Action item
All entries below must be output word for word, and the pictures left behind.

[Dataset records]

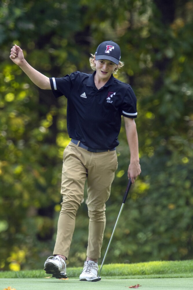 Freeport’s Eli Spaulding celebrates after sinking a putt during the Class B state championships on Oct. 8 at Natanis Golf Club in Vassalboro. Spaulding shot 4-under 68 to win the boys individual title. Joe Phelan/Kennebec Journal
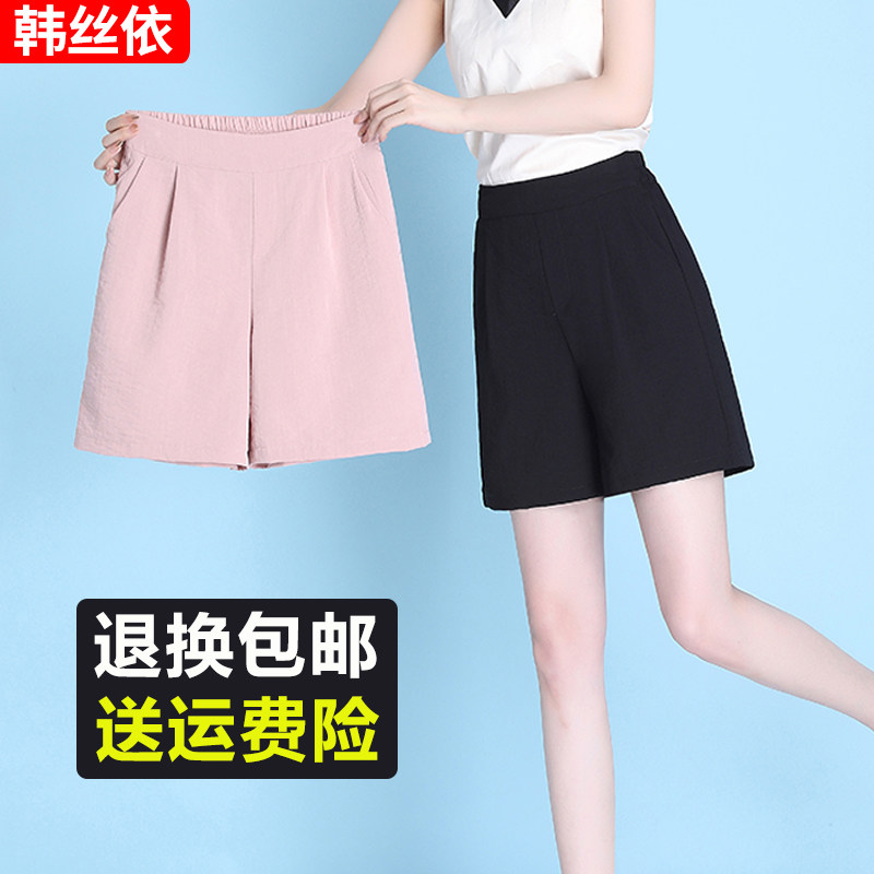 Shorts women's summer thin section 2022 new women's wide-leg casual pants cotton and linen women's pants ice silk five-point pants women's summer
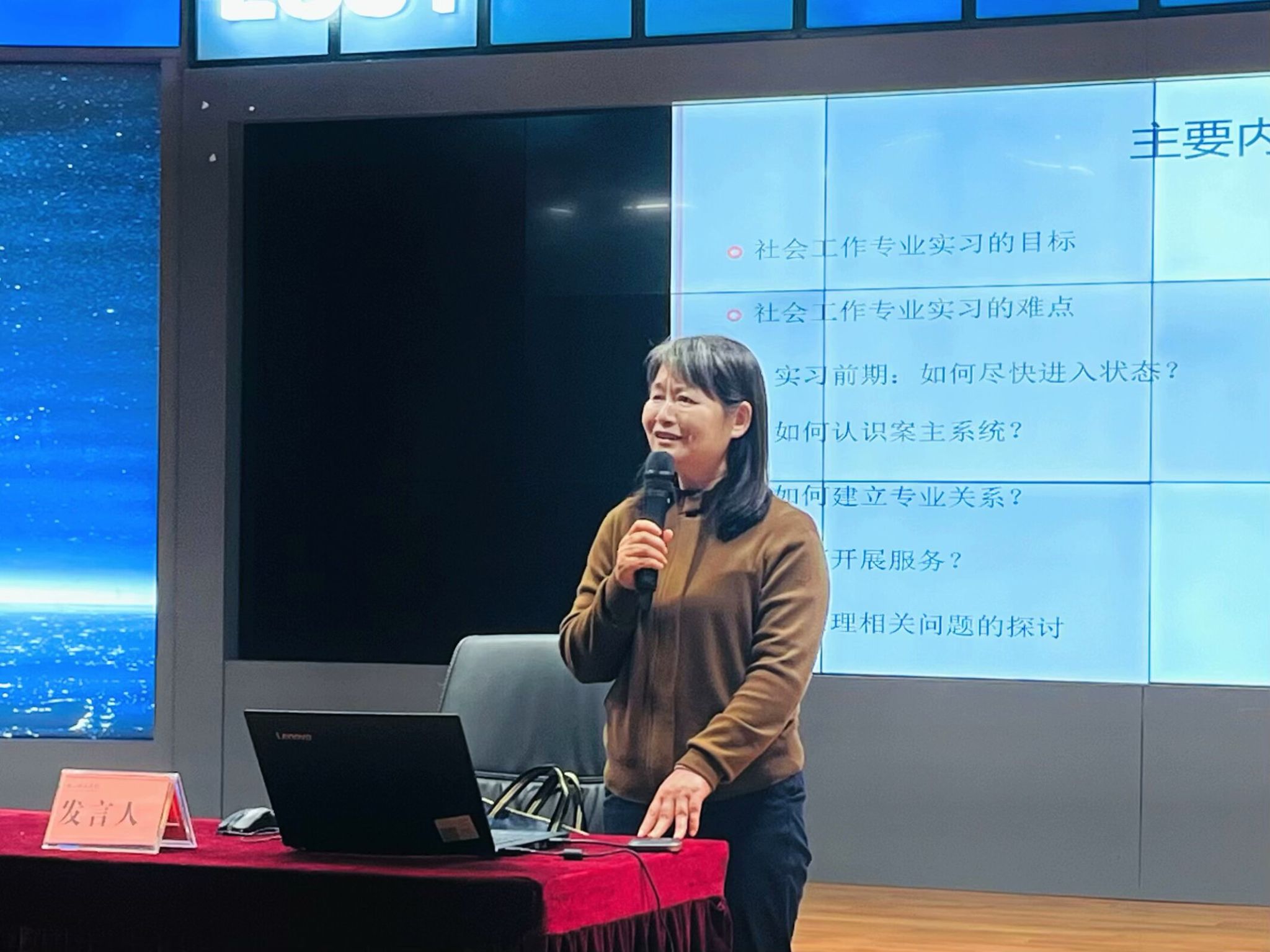 本网讯(文/郑雨欣 图/传媒分中心)为推进学院社会工作专业建设,解答社会工作专业实习的困惑。法学与公共管理学院于11月25日晚上7点30分在旷怡楼学术报告厅举办了“在实践中成长——社会工作专业实习中的难点和应对”主题讲座。由上海大学社工系陈彩霞副教授作为主讲人,法管学院副院长赵勇担任主持人。法管学院全体社会工作专业、养老服务管理专业同学参加了此次讲座。
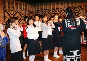 1日目は、アイヌ民族博物館を訪問しました。伝統舞踊や楽器の演奏を聞いたり、「ムックリ」という楽器の制作活動に取り組んだりしました。広い園内には、アイヌ犬やクマも飼育されていて、まじかに観察することができました。夜は、洞爺湖で行われる湖上花火大会を鑑賞しました。
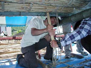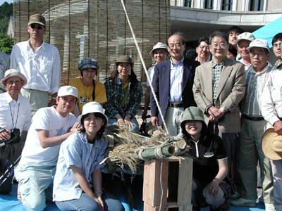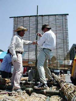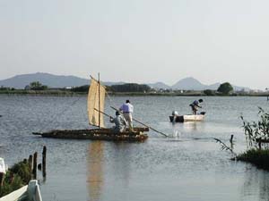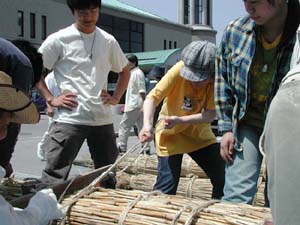 ヨシ舟が船出しました 本日はまことに楽しい日でありました。安土町の信長祭りの商工会ブースの一つを東近江水環境自治協議会に割り当てていただき、そこでヨシ舟の試作を行ったのです。安土の西の湖畔に立てかけておいた竹田さんのヨシを使ってしまうと、ヨシ舟造りの看板のところのヨシが無くなってカッコが悪いと急遽、昨日円山の西川先生に無理を言って貰い受けたヨシを使い、朝9時過ぎから午後3時頃までかかって我が会第一号のヨシ舟が完成したのです。デジカメでその勇姿をご紹介できぬのがはなはだ残念でありますが腰がバンと張り、安定型の後ろ美人で、ほのかに色香漂うなかなかのものでありました。 商売道具の重機や道具で、かさばって扱いにくいヨシを巧みに丸め込んでいただいた重野さんを中心に、奥田、安居、竹田、堤の皆さん、嵯峨芸術大学、滋賀県立大学の若者達、びわこ市民研究所の米原さんと和田さん、新聞見て駆けつけてくださった地元の人達に加えて、安土町生活環境課有志の皆さんなどの手によって、舟はたいそう上手に出来あがりました。 大阪から舟運フェァにわれわれ同様ヨシ舟で参加したいと西川先生のところに訪れてこられたエコロジーネットワークOSAKA(ENO)の8人のメンバーも見に来ていただきました。 出来あがったらすぐ浮かべてみないと気の済まないガキ魂を何才になっても忘れる事の出来ない人の集まりです。アッというまにトラックに舟を載せ途中で進水式のシャンペンを買い、新聞社に電話して進水式をやるからおいでと出たとこ勝負で手際良くやるという我が会の伝統に即したアクションの結果、ヨシ舟は西の湖に浸水する事も無く進水いたしました。 浮いたら乗れやとなるのが世の習い、オッチョコチョイの私めと、彦兵衛の二人が乗船しました。折りからの心地よい北風を葦簾の帆が受けてスムーズに船出したのです。 あとどうなったか?それは誰かに聞いてください。 |

Solution below
 Freeport’s Eli Spaulding celebrates after sinking a putt during the Class B state championships on Oct. 8 at Natanis Golf Club in Vassalboro. Spaulding shot 4-under 68 to win the boys individual title. Joe Phelan/Kennebec Journal
 Shorts women's summer thin section 2022 new women's wide-leg casual pants cotton and linen women's pants ice silk five-point pants women's summer
 本网讯(文/郑雨欣 图/传媒分中心)为推进学院社会工作专业建设,解答社会工作专业实习的困惑。法学与公共管理学院于11月25日晚上7点30分在旷怡楼学术报告厅举办了“在实践中成长——社会工作专业实习中的难点和应对”主题讲座。由上海大学社工系陈彩霞副教授作为主讲人,法管学院副院长赵勇担任主持人。法管学院全体社会工作专业、养老服务管理专业同学参加了此次讲座。
 1日目は、アイヌ民族博物館を訪問しました。伝統舞踊や楽器の演奏を聞いたり、「ムックリ」という楽器の制作活動に取り組んだりしました。広い園内には、アイヌ犬やクマも飼育されていて、まじかに観察することができました。夜は、洞爺湖で行われる湖上花火大会を鑑賞しました。
 ヨシ舟が船出しました 本日はまことに楽しい日でありました。安土町の信長祭りの商工会ブースの一つを東近江水環境自治協議会に割り当てていただき、そこでヨシ舟の試作を行ったのです。安土の西の湖畔に立てかけておいた竹田さんのヨシを使ってしまうと、ヨシ舟造りの看板のところのヨシが無くなってカッコが悪いと急遽、昨日円山の西川先生に無理を言って貰い受けたヨシを使い、朝9時過ぎから午後3時頃までかかって我が会第一号のヨシ舟が完成したのです。デジカメでその勇姿をご紹介できぬのがはなはだ残念でありますが腰がバンと張り、安定型の後ろ美人で、ほのかに色香漂うなかなかのものでありました。 商売道具の重機や道具で、かさばって扱いにくいヨシを巧みに丸め込んでいただいた重野さんを中心に、奥田、安居、竹田、堤の皆さん、嵯峨芸術大学、滋賀県立大学の若者達、びわこ市民研究所の米原さんと和田さん、新聞見て駆けつけてくださった地元の人達に加えて、安土町生活環境課有志の皆さんなどの手によって、舟はたいそう上手に出来あがりました。 大阪から舟運フェァにわれわれ同様ヨシ舟で参加したいと西川先生のところに訪れてこられたエコロジーネットワークOSAKA(ENO)の8人のメンバーも見に来ていただきました。 出来あがったらすぐ浮かべてみないと気の済まないガキ魂を何才になっても忘れる事の出来ない人の集まりです。アッというまにトラックに舟を載せ途中で進水式のシャンペンを買い、新聞社に電話して進水式をやるからおいでと出たとこ勝負で手際良くやるという我が会の伝統に即したアクションの結果、ヨシ舟は西の湖に浸水する事も無く進水いたしました。 浮いたら乗れやとなるのが世の習い、オッチョコチョイの私めと、彦兵衛の二人が乗船しました。折りからの心地よい北風を葦簾の帆が受けてスムーズに船出したのです。 あとどうなったか?それは誰かに聞いてください。 |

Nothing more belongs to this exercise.